▸ **STORED DATA**
======

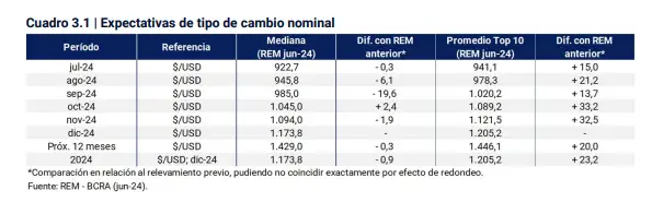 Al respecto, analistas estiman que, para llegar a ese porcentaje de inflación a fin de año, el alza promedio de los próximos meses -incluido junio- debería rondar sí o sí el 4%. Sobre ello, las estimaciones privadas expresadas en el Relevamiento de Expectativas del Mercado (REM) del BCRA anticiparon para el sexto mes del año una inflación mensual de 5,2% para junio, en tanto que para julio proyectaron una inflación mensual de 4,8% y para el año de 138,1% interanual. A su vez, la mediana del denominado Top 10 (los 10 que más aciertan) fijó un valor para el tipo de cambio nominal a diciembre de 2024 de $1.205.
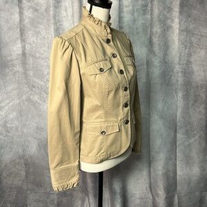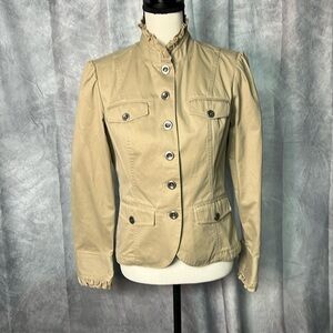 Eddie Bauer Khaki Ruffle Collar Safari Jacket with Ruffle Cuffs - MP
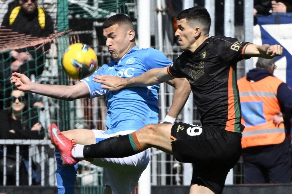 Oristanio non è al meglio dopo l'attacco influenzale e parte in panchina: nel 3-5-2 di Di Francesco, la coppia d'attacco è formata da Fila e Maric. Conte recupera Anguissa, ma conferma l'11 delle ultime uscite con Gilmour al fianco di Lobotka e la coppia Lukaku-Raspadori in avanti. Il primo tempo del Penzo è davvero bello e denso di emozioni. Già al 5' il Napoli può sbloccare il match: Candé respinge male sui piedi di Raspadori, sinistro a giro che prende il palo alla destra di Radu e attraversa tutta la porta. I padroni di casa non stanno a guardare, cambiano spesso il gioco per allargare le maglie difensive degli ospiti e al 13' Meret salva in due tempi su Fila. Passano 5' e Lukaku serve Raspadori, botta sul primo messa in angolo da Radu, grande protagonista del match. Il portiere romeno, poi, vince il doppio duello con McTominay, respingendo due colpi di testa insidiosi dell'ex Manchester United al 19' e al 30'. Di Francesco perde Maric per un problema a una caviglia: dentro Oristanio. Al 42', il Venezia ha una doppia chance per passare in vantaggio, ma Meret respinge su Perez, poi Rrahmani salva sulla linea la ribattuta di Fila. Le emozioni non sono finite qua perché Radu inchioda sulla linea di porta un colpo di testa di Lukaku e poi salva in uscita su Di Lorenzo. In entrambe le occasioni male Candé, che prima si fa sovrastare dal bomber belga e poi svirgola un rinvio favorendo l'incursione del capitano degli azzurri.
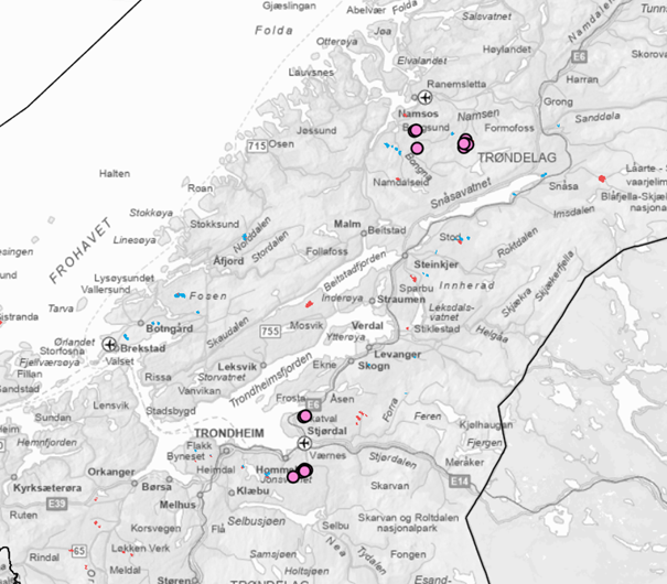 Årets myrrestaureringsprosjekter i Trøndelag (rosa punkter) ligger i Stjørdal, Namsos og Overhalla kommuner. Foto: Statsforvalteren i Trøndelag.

======

▸ **PROBLEM DETAILS**
Each line, from the beginning of the listing to the line bearing "Eddie Bauer Khaki" inclusive, should be copied exactly; the pictures stay out.

▸ **ANSWER TO THIS TASK**
 Al respecto, analistas estiman que, para llegar a ese porcentaje de inflación a fin de año, el alza promedio de los próximos meses -incluido junio- debería rondar sí o sí el 4%. Sobre ello, las estimaciones privadas expresadas en el Relevamiento de Expectativas del Mercado (REM) del BCRA anticiparon para el sexto mes del año una inflación mensual de 5,2% para junio, en tanto que para julio proyectaron una inflación mensual de 4,8% y para el año de 138,1% interanual. A su vez, la mediana del denominado Top 10 (los 10 que más aciertan) fijó un valor para el tipo de cambio nominal a diciembre de 2024 de $1.205.
 Eddie Bauer Khaki Ruffle Collar Safari Jacket with Ruffle Cuffs - MP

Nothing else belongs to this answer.